No, the Task.Delay doesn't block the current thread. It can be used to block it, but it doesn't do it by itself, and it's rarely used as a synchronous blocker in practice. All it actually does is to return a Task that will complete after the specified amount of time:
Task task = Task.Delay(1000); // The task will complete after 1,000 milliseconds.
Typically this task is then waited asynchronously with the await keyword, inside an async method:
await task; // Suspends the async method, but doesn't block the thread.
The await keyword suspends the current execution flow (async method) until the awaitable completes.
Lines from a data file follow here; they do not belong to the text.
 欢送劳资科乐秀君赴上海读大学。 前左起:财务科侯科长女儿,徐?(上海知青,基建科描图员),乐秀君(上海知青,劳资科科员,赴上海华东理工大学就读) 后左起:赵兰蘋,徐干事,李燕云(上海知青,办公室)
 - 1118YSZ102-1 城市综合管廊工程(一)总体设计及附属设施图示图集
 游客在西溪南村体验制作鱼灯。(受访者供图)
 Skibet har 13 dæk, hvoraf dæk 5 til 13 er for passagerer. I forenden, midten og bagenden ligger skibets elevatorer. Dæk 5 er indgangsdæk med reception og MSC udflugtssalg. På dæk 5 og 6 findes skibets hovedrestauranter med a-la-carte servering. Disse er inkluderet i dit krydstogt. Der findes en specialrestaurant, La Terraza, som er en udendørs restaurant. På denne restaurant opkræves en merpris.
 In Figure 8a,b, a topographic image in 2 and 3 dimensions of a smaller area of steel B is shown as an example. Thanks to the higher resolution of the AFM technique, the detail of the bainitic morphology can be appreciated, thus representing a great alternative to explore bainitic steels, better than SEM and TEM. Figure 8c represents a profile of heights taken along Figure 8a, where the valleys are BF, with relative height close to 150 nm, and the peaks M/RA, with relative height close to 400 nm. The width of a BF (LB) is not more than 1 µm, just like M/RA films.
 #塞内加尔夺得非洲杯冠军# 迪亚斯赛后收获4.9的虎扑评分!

No thread is blocked while the execution flow is suspended.
It is also possible to block the current thread until the task completes, by using the synchronous Wait method.
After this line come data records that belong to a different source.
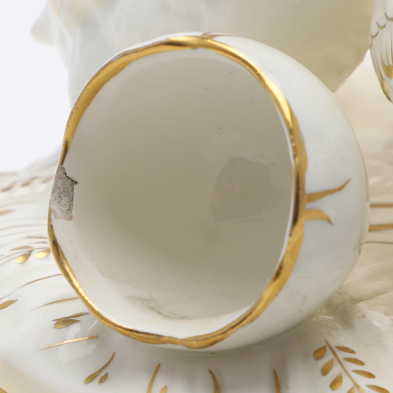 Chips on an eggshell, wear on gold decoration, cracks.
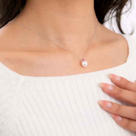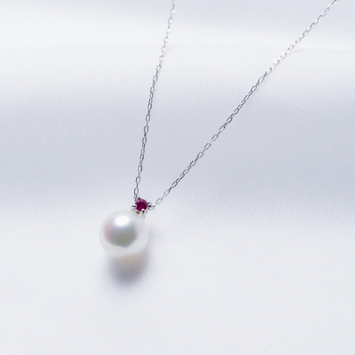ERIS VELINA Necklace・Pendant Birthstone Ruby K10WG Akoya Pearl Women JAPAN
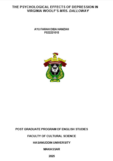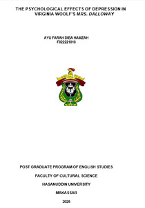 HAMZAH, AYU FARAH DIBA (2025) DAMPAK PSIKOLOGIS DEPRESI PADA MRS. DALLOWAY KARYA VIRGINIA WOOLF = THE PSYCHOLOGICAL EFFECTS OF DEPRESSION IN VIRGINIA WOOLF’S MRS.DALLOWAY. Skripsi thesis, Universitas Hasanuddin.
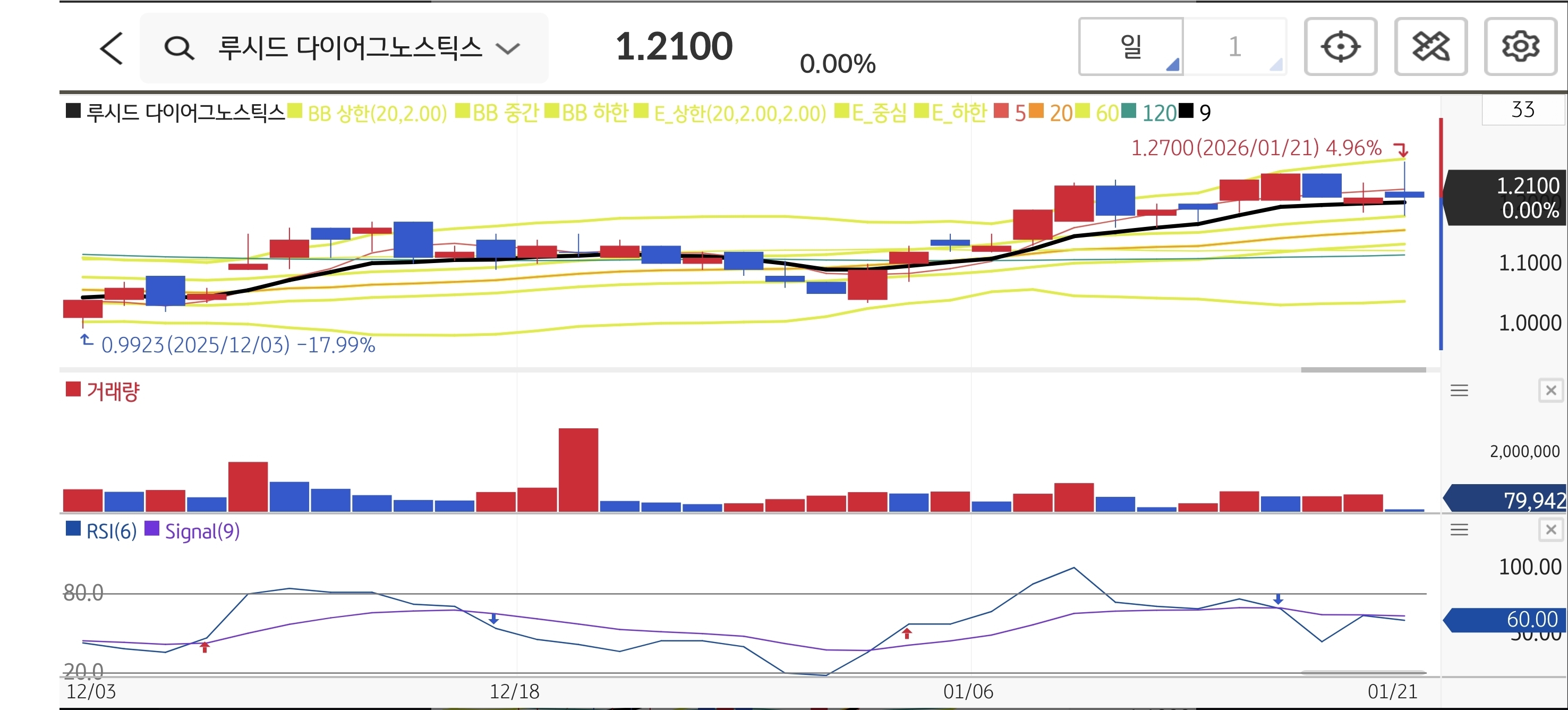 💡 Tip: 120일선 안착 여부가 중요합니다. 안착에 성공한다면 다음 매물대인 $1.45까지는 가벼운 흐름을 보일 수 있으니, 눌림목에서 분할 매수로 접근하세요.
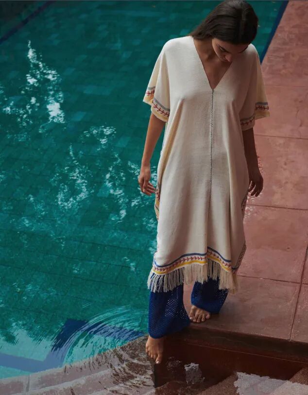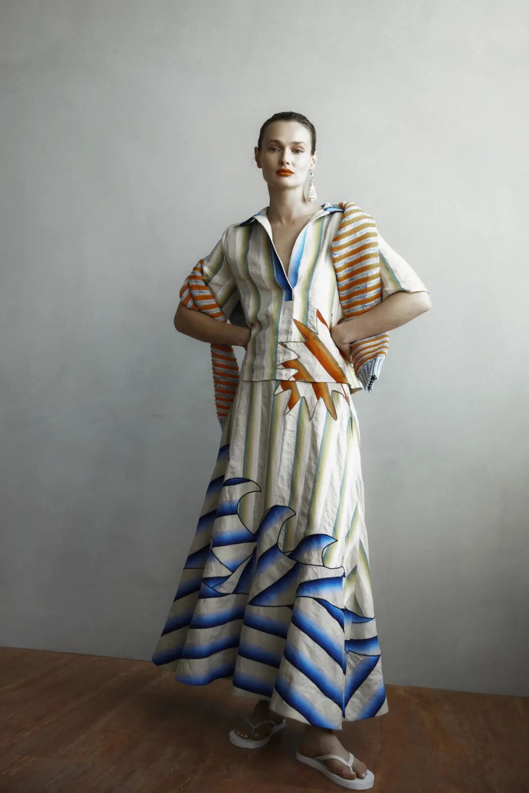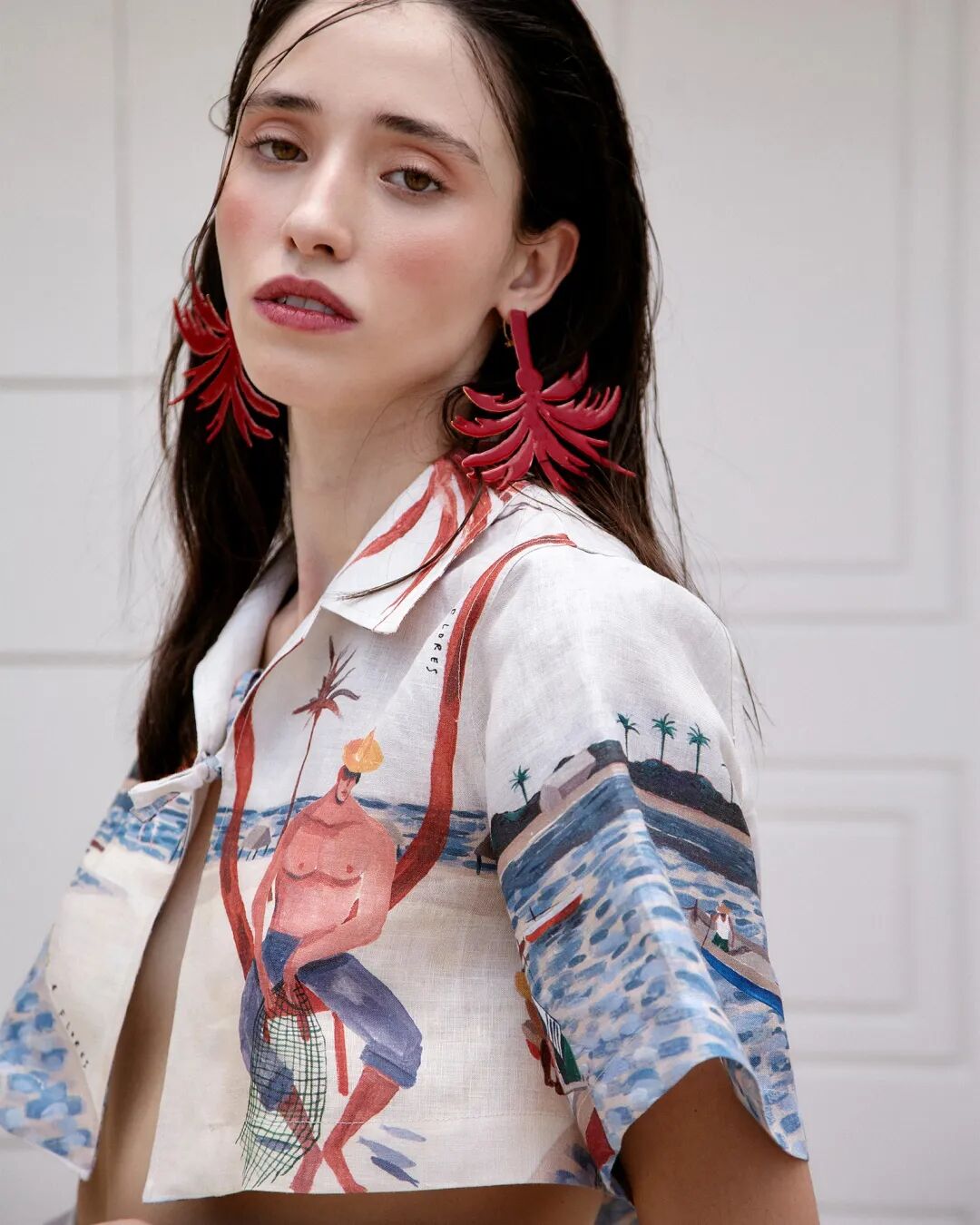 印花和图案为该主题带来了新意,如墨西哥品牌Olmos y Flores的稚拙派海滩风景插图、Sea New York的个性拼接设计。
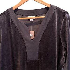 Pure Jill Womens XLP Black Velour Long Sleeve Tunic Split V Neck Side Slits

task.Wait(); // Blocks the thread.
If you would like to see an experimental demonstration that the await Task.Delay() doesn't block a thread, here is one. The program below creates a huge number of tasks, where each task awaits a internally a Task.Delay(1000). Then the number of threads used by the current process is printed in the console, and finally all of the tasks are awaited:
Task[] tasks = Enumerable.Range(1, 100_000).Select(async _ =>
{
await Task.Delay(1000);
}).ToArray();
Console.WriteLine($"Tasks: {tasks.Count(t => t.IsCompleted):#,0} / {tasks.Length:#,0}");
Thread.Sleep(500);
Console.WriteLine($"Threads.Count: {Process.GetCurrentProcess().Threads.Count:#,0}");
await Task.WhenAll(tasks);
Console.WriteLine($"Tasks: {tasks.Count(t => t.IsCompleted):#,0} / {tasks.Length:#,0}");
Output:
Tasks: 0 / 100,000
Threads.Count: 9
Tasks: 100,000 / 100,000
Live demo.
The program completes after just 1 second, and reports that during its peak it used a total of 9 threads. If each of the 100,000 tasks blocked a thread, we would expect to see 100,000 threads used at that point. Apparently this didn't happen.